Rounding out the ballot are a pair of political newcomers: Emily Prigot, who is running for library trustee in place of Betty Chelmow, and Tori McClain, who is seeking the Planning Board seat that’s being vacated by Gary Vinciguerra.

A board member since 2008, Vinciguerra had kept his reelection plans close to the vest until finally announcing his decision not to run a few days before the February 8 deadline to obtain nomination papers.

At least one resident had expressed interest in running for the post in the wake of Vinciguerra’s announcement; however, that person was out of town at the time of the filing deadline, leaving McClain, a self-proclaimed political outsider, as the only official candidate.

A fixture at various board hearings over the past two years, McClain said she started mulling the idea of running for office several months ago after coming to the conclusion that there is “very little honesty and transparency in Canton town government.”

“Instead of writing letters to the paper or complaining about it to my friends, I figured the best way to assure that it changes is to become a part of it,” said McClain, whose property abuts a controversial condo project on Plymouth Street.

Specifically, McClain feels that she has been disrespected, or in some cases deceived, by members of the zoning board, the town administrator, Board of Selectmen, and the former conservation agent, whose contract was terminated following an inquiry into a possible conflict of interest related to his role as president of M&M Engineering — a firm that has provided services to at least eight Canton properties over the past two years, including the project on Plymouth Street.

As a vocal neighbor who has challenged both the developers of the property (Scott Lenhart and John McNeice) and various town officials, McClain believes there are some in town who do not want to see her ascend to the Planning Board, and she has even heard whispers of a possible sticker campaign on the horizon.

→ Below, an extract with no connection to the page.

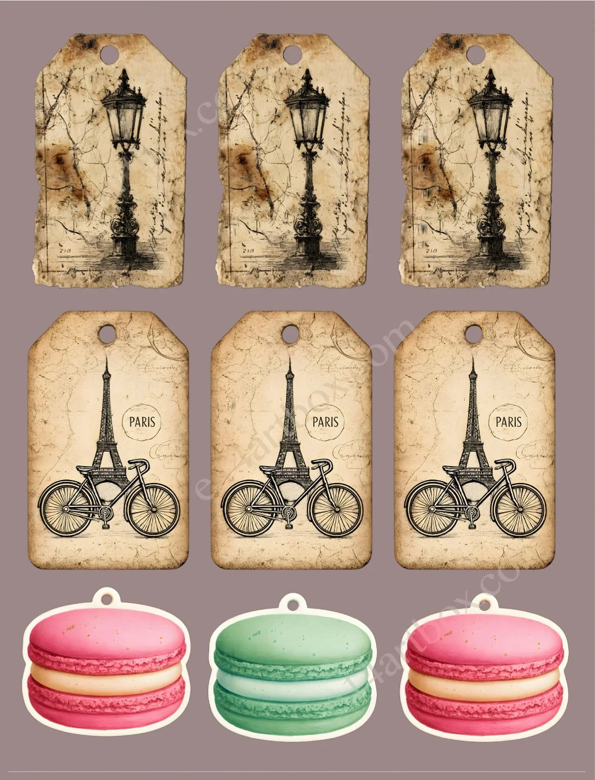 Boutique Ephemera: A rich selection of designer luggage tags, gift labels, and "washi tape" strips featuring macarons, sunflowers, and vintage French postmarks.

But whether she faces a challenger or sails unopposed into elected office, McClain intends to stay committed to her basic platform, which consists of four tenets: honesty, accountability, transparency, and sincerity in government.

“That’s a pretty open and broad platform,” she acknowledged, “but it’s also the lack of some of those things in some town boards that has led me to run.”

McClain insisted that she is not anti-development, but rather is opposed to over-development and what she called the “condoization of Canton.”

“I grew up in rural northwest Tennessee on a working black angus cattle farm,” she said. “My grandfather was a contractor and a builder, but there was always an integrity around your business dealings and the work that you did. It was just an expectation.”

If elected, McClain said she will demand that same level of “above-board behavior” from not only her fellow town officials, but also every developer who comes before the Planning Board — whether it’s for a small condominium project like the one in her neighborhood or the 350-unit Plymouth Rubber property that could be headed for a vote at the upcoming town meeting.

“I understand people have a right to make money,” she said. “I get it and I support that 100 percent. But it’s about being thoughtful and being measured in it and being neighborly — and not just getting in there to make their buck and get out.”